Per-customer activity today

SELECT CUSTOMER,
       COUNT(*) AS REQUESTS,
       SUM(TOKENS_IN + TOKENS_OUT) AS TOTAL_TOKENS,
       SUM(COST_BASIS_USD) AS TOTAL_COST_USD,
       100.0 * SUM(CASE WHEN STATUS = 'success' THEN 1 ELSE 0 END) / COUNT(*) AS SUCCESS_PCT
  FROM K3SAI.USAGE_LOG
 WHERE LOGGED_AT >= CURRENT DATE
 GROUP BY CUSTOMER
 ORDER BY TOTAL_COST_USD DESC;

Active batches

SELECT BATCH_ID, STATUS, TOTAL_UNITS,
       PROCESSED_UNITS + FAILED_UNITS AS DONE,
       (PROCESSED_UNITS + FAILED_UNITS) * 100 / NULLIF(TOTAL_UNITS, 0) AS PCT,
       FAILED_UNITS,
       TIMESTAMPDIFF(2, CHAR(CURRENT_TIMESTAMP - STARTED_AT)) AS SECONDS_RUNNING
  FROM ACME_5DTA.AI_BATCH
 WHERE STATUS = 'running'
 ORDER BY STARTED_AT DESC;

(Repeat per customer library or use a UNION across customers.)

Cost burn rate

SELECT CUSTOMER, MODEL, PROVIDER,
       SUM(COST_BASIS_USD) AS COST_LAST_HOUR,
       COUNT(*) AS CALLS
  FROM K3SAI.USAGE_LOG
 WHERE LOGGED_AT >= CURRENT TIMESTAMP - 1 HOUR
   AND COST_BASIS_USD > 0
 GROUP BY CUSTOMER, MODEL, PROVIDER
 ORDER BY COST_LAST_HOUR DESC;

If a customer’s cost suddenly spikes 10x, that’s worth investigating.

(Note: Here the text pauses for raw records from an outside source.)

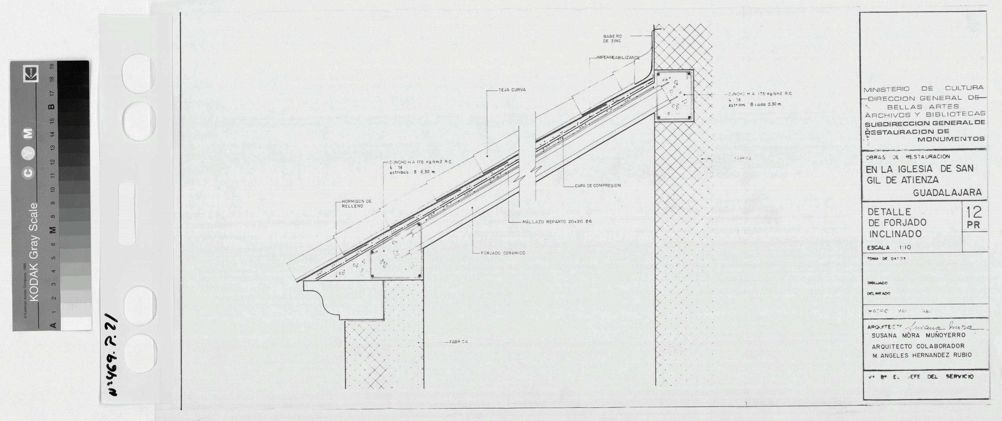 IGLESIA DE SAN GIL - ATIENZA - GUADALAJARA -: DETALLE DE FORJADO INCLINADO, seccion con descripcion de elementos, plano sin cotas.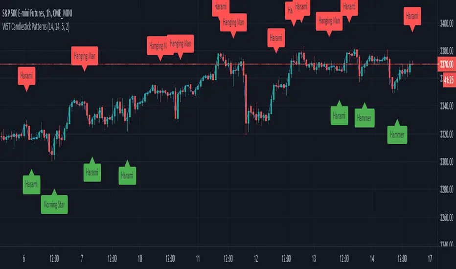 * Automatically displays only a specific set of candlestick patterns relevant to our Elliott Wave Indicator Strategy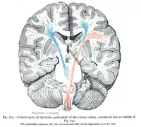 ![]() Dissection showing the course of the cerebrospinal fibers. | |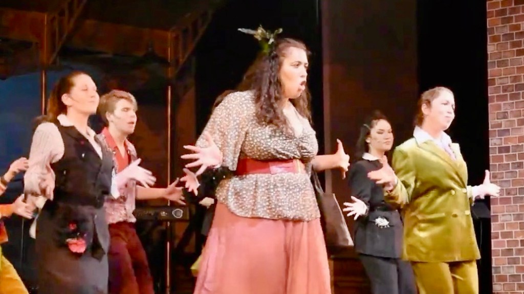 In the other, intertwined storyline of Hadestown, the story of Persephone & Hades, I loved Sophie Ajlouny’s performance entering the stage with beaming confidence and attitude. She worked the audience’s first row in „Our Lady of the Underground“ that opens the second act like a confident old soul in the body of a High Schooler. Brilliant! Kai Kaushik plays Hades with wonderful understated elegance and sunglass-enhanced mystique. Great voice and acting! The highlight for the Hades character always is „Why we build the wall.“ Kai leads it with confidence and the directing team used the full cast to create a chilling scenery surrounding the audience from three sides. Music, singing and setting of the scene definitely gave me goosebumps.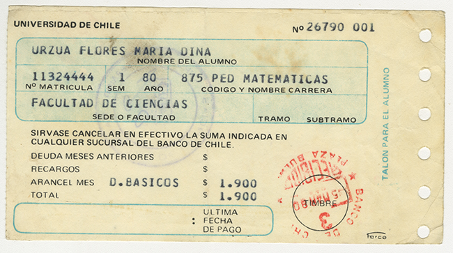 | Título: | Comprobante de pago aranceles de la Universidad de Chile. María Urzua Flores |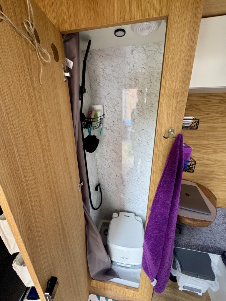 First up: the essentials. Although Roxy came with a proper shower room, there was no toilet — so that was an easy one to tick off my list. I’d asked the seller to fit a 12V socket in the storage under the bench so I could add a portable fridge, so that was another quick win.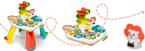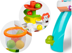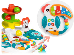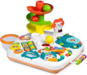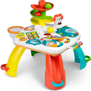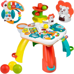 solide et durable, montage simple et rapide, piano stable et extensible, panier amovible pour balles, grand toboggan pour balles, il peut servir de table et de plateau pédagogique, comprend 3 balles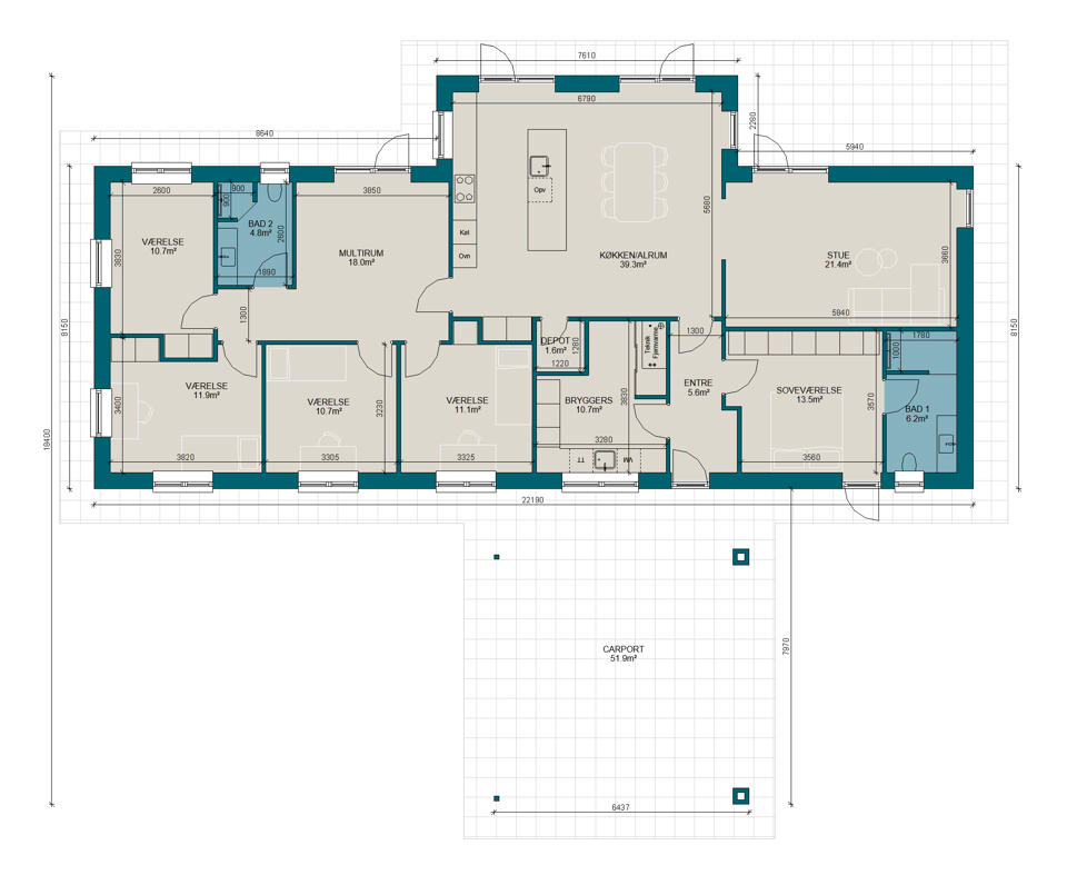 Prisen vokser med antallet af kvadratmeter, men kvadratmeterprisen kan variere alt efter valg af materialer og arkitektur. Tænk over, hvad du har brug for nu – og i fremtiden. Vi skal nok hjælpe dig med at få det maksimale ud af pladsen – nogle gange kræver store idéer færre kvadratmeter, end man skulle tro.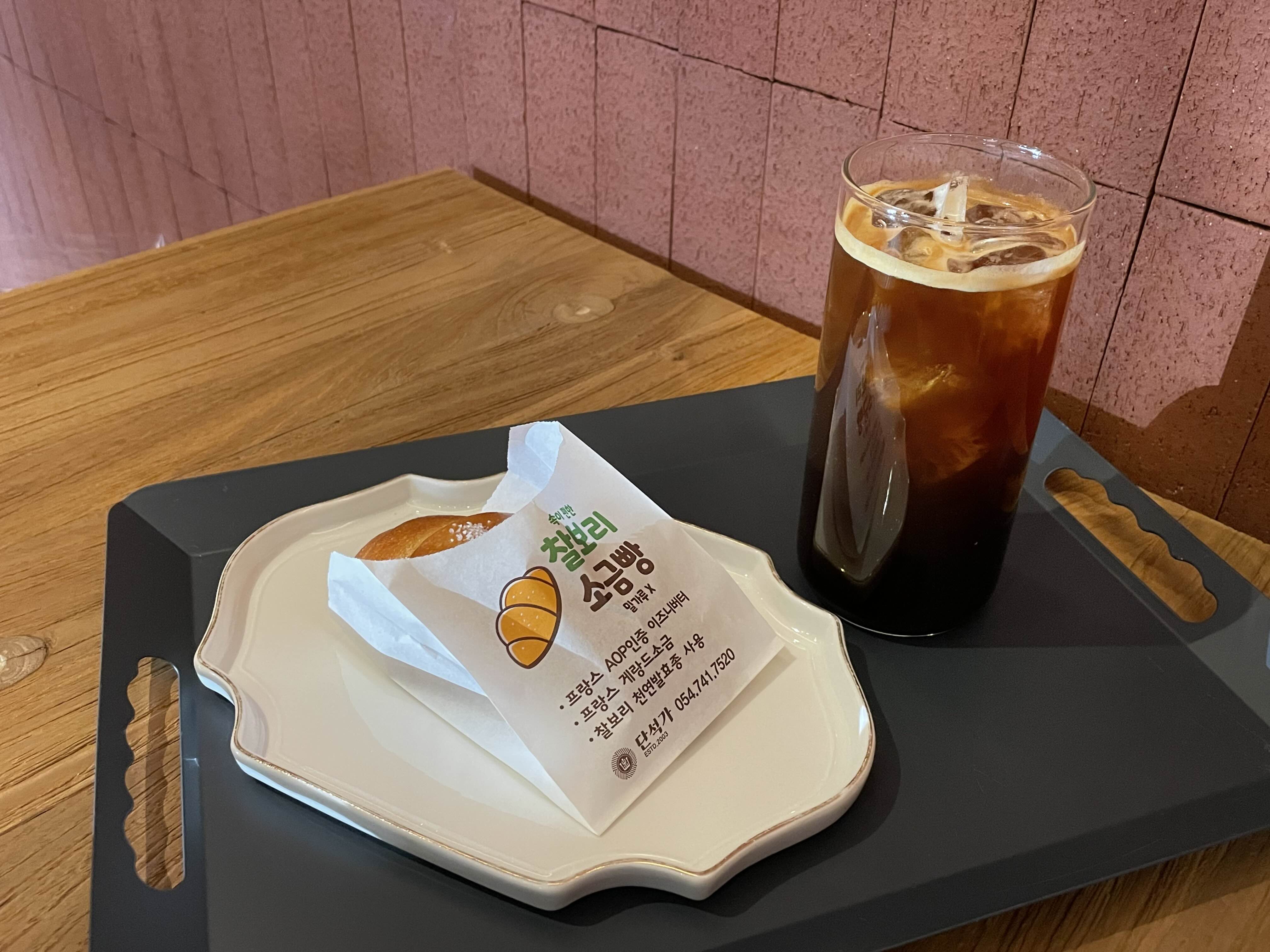 내가 주문한 찰보리 소금빵과 아이스 아메리카카노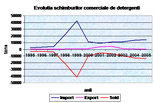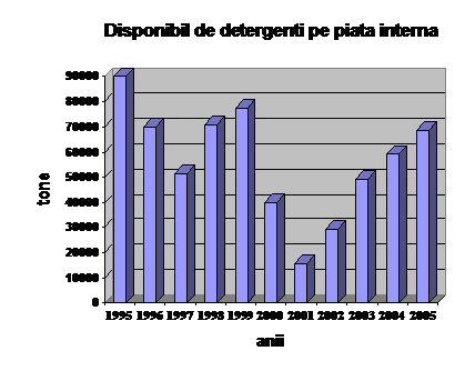 Cantitatea de detergenti disponibila pe piata interna, dupa ce a atins un prag minim in 2001 de 15645 tone, este intr-o usoara crestere, fara a atinge nivelul inregistrat in 1995. Situatia este considerata favorabila avand in vedere ca disponibilul de detergenti de pe piata la un moment dat este egal cu cererea pentru aceasta categorie de produse.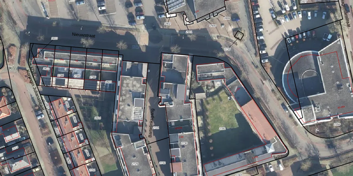 Het perceel waarop Bartelinksgang 23 staat heeft een oppervlakte van 1315 m². Dit is een zeer groot perceel. De perceeloppervlakte wordt geregistreerd door het Kadaster. Gedetailleerde informatie over de maten van dit perceel kunt u vinden in het rapport Kadastrale kaart met maatvoering van Bartelinksgang 23.
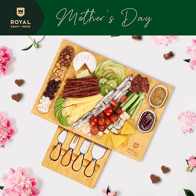 ROYAL CRAFT WOOD Bamboo Cheese Board and Knife Set with Charcuterie Board & Serving Tray with 4 Stainless Steel Knife & Thick Wooden Server with Bowls and Serveware Accessories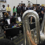 Harris told the students that she too played in the band — French horn, xylophone and kettle drums — and while not every note they play will be perfect, “all that practice makes for beautiful music.”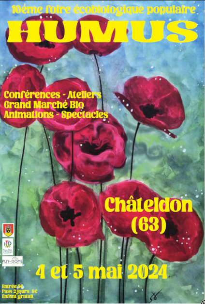 Les 4 et 5 mai 2024, la Doume tiendra un stand à la 10ème foire écobiologique populaire Humus à Châteldon : La foire HUMUS est d’abord un grand marché animé par plus de 130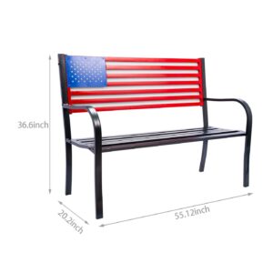 Backyard Expressions Metal American Flag Patio/Garden Outdoor Bench – Red/White/Blue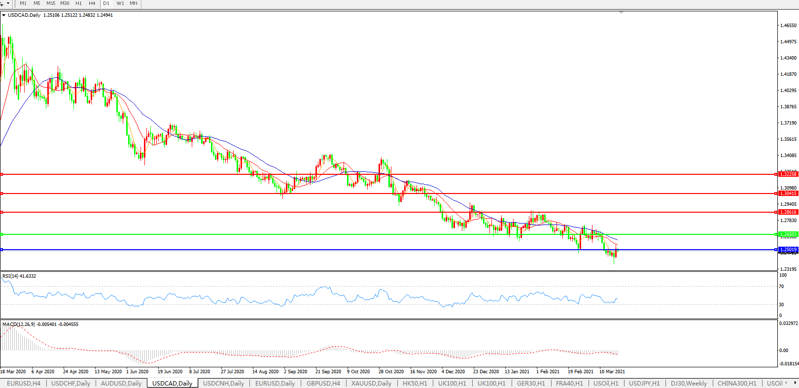 美元兑加元USDCAD 日线图: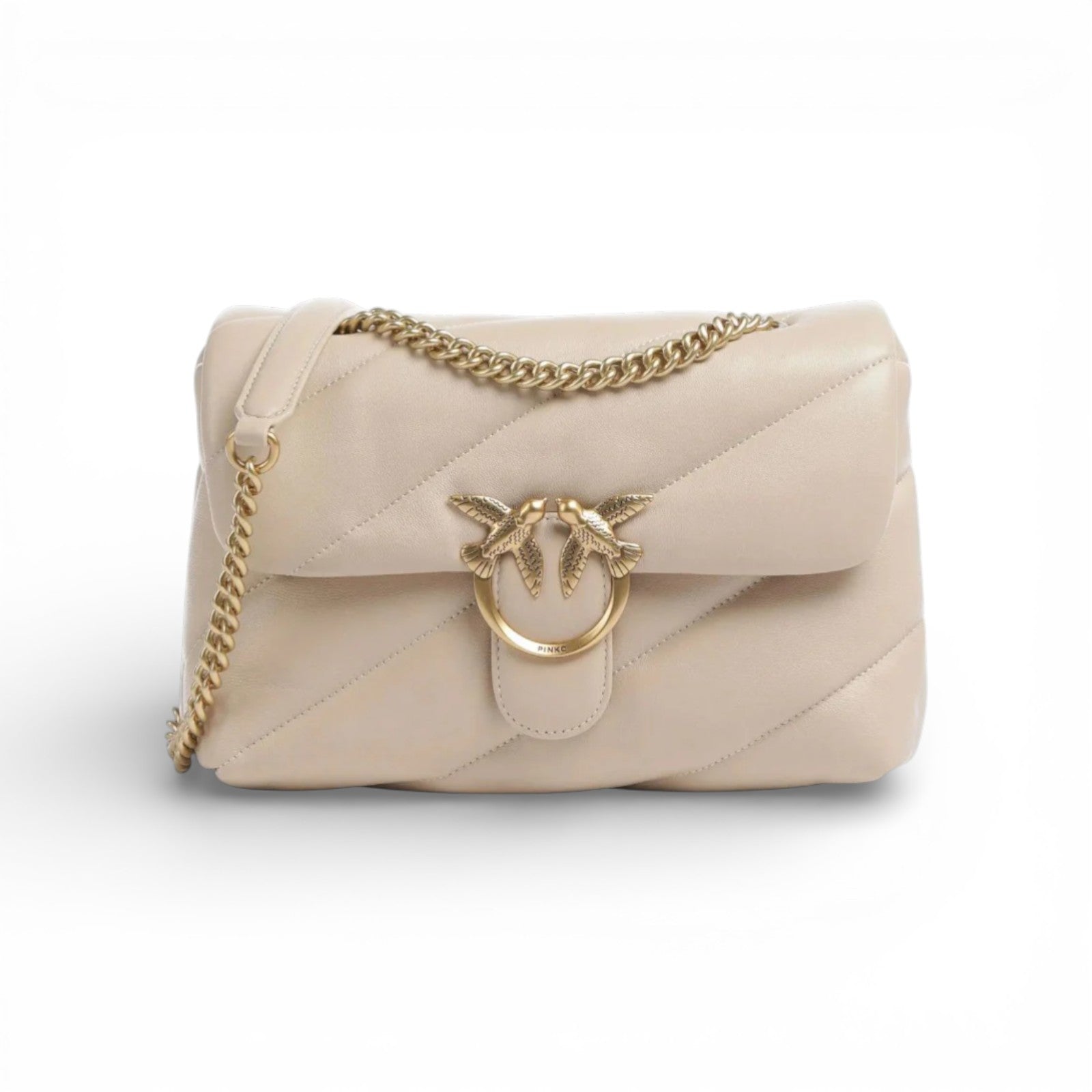 Baby Love Bag Puff in morbida nappa con maxi trapuntatura obliqua. La chiusura è completata dall'iconica fibbia in metallo Love Birds Diamond Cut. L'interno è foderato in microfibra scamosciata e comprende tasca a parete chiusa con zip. Completa di tracolla sottile a catena in metallo.
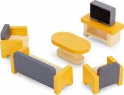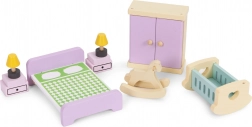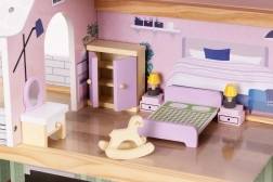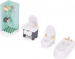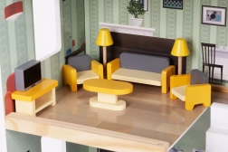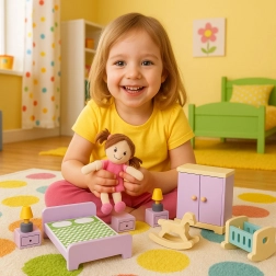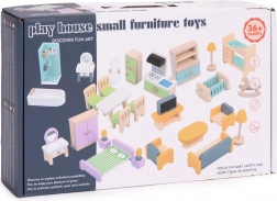 Den praktiske sammensætning til hele dukkehuset omfatter udstyr til stue, badeværelse, soveværelse, køkken og spisestue. Delene er tilpasset mindre dukker og passer også i små rum – og fungerer lige så godt som et selvstændigt sæt til fri leg.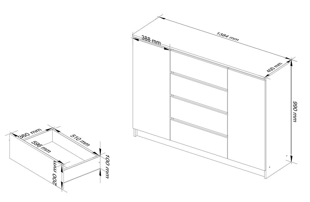 SIDEBOARD K140 2 DOORS 4 DRAWERS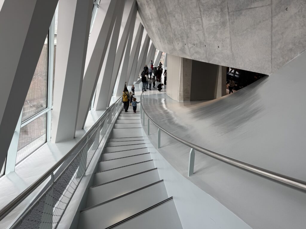エレベーターで一気に最上階まで登り、螺旋階段を降りながら展示を見ていく展示の仕方になっていました。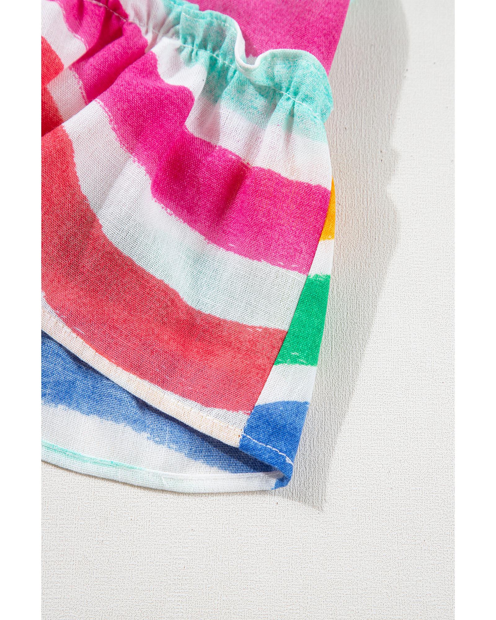 - Rose Red Rainbow Stripes Ruffled Hem Drawstring V Neck Tank Top
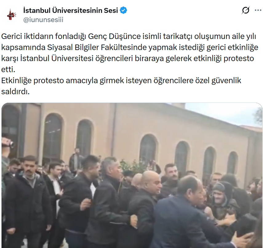 İstanbul Üniversitesi’nde Genç Düşünce topluluğunun “aile yılı” kapsamında Siyasal Bilgiler Fakültesinde yapmak istediği etkinlik, kendilerini “aile yılı etkinliği gericiliktir” diye tanımlayan bir kesimin müdahalesiyle engellenmeye çalışıldı. Etkinlik alanına ‘aile yılı’ etkinliğini protesto etmek isteyen grup, eylemlerini “anayasal hak” olarak duyururken, ortaya çıkan görüntüler sosyal medyada büyük tepki topladı.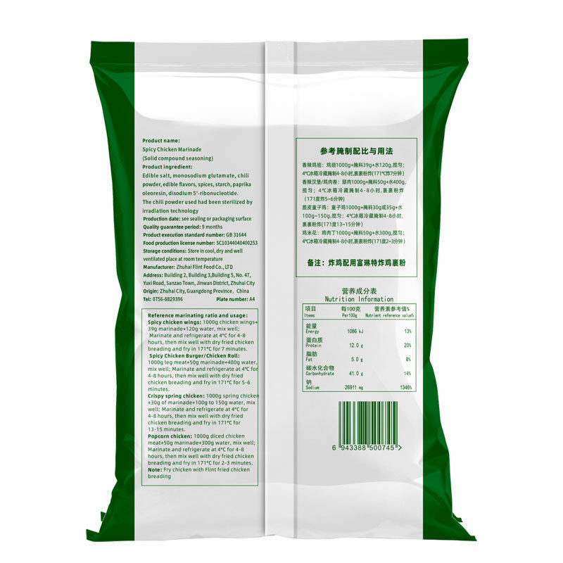 Fulinte spicy chicken marinade 1kg Western fast food seasoning hamburger leg meat raw materials high spicy green packaging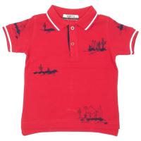 Футболка-поло для мальчика. Воротник из эластичного трикотажа. Планка с застежкой на пуговицы. Рукав на манжете. Спинка удлиненная на 2,5 см. На полочке и рукавах рисунки.Размер 98: длина- 38 см, обхват груди- 58 см.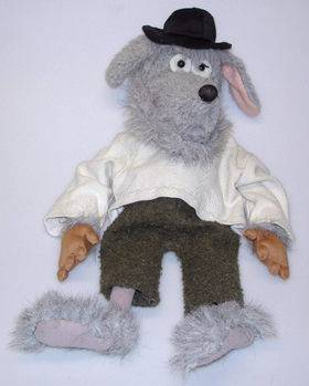 Harmaasta tekoturkisesta valmistettu koira jolla on valkoinen puuvillapaita ja vihreät huopahousut. Päässä on mustasta tekokuidusta vamistettu hattu. Koiran vartalo on pahvilevystä jonka pehmusteena on vanua. Raajat on puusta.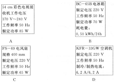 本题解析:(1)显然正常工作时电视机功率为85 W,电冰箱的功率为70 W,电风扇的功率为65 W,空调机的功率为P=U·I="1" 364 W,因此,功率最大的是空调机.

Probably a runaway batch or a bug in their AIPRE building enormous prompts.


Common failure modes

Workers all in DEQW, queue growing

PHP workers are blocked on the queue (waiting for messages), but the queue depth is growing (messages aren’t being received).

Possible causes:

  • Workers crashed and the subsystem hasn’t restarted them yet (rare; usually fast).
  • DB2 connection in PHP died and RECEIVE_DATA_QUEUE is failing silently. Check worker logs.
  • The RPG side is generating requests faster than PHP can process. Add workers.

Diagnostic:

SELECT JOB_NAME, JOB_STATUS, FUNCTION
  FROM TABLE(QSYS2.ACTIVE_JOB_INFO(SUBSYSTEM_LIST_FILTER => 'AIWRK'));

If all workers show DEQW QSQDQRCV, they’re healthy and waiting. Queue growing means demand exceeds capacity. If any show something else (MSGW, RUN with no progress), look at that job’s joblog.

Workers all in RUN, never returning to DEQW

Workers are stuck mid-call. Possible causes:

  • AI provider is hung/very slow. Check provider status page.
  • Network outage between IBM i and provider. Try curl from QSH.
  • A bug in the worker is causing infinite loops or deadlocks.

Diagnostic: check worker stderr/joblog and the structured log file. Look for the most recent event: call_start without a matching event: call_complete.

If it’s a provider hang and you can’t wait it out: ENDSBS *IMMED and restart. In-flight requests are lost but new requests get served.

High error rate from one provider

Most calls failing with the same error code. Possible causes:

  • Provider outage (404s, 503s).
  • Authentication broken (401s) — key revoked or rotated incorrectly.
  • Rate limit exceeded (429s) — your account is over.

Diagnostic:

SELECT PROVIDER, ERROR_CODE, COUNT(*) AS COUNT
  FROM K3SAI.USAGE_LOG
 WHERE STATUS != 'success'
   AND LOGGED_AT >= CURRENT TIMESTAMP - 15 MINUTES
 GROUP BY PROVIDER, ERROR_CODE
 ORDER BY COUNT DESC;

If 401: re-check your key in KEY_VAULT, run a manual curl test with that key. If 429: check your plan, your concurrency limits, your token bucket settings. If 503/504: probably provider-side, ride it out (retry middleware does this automatically).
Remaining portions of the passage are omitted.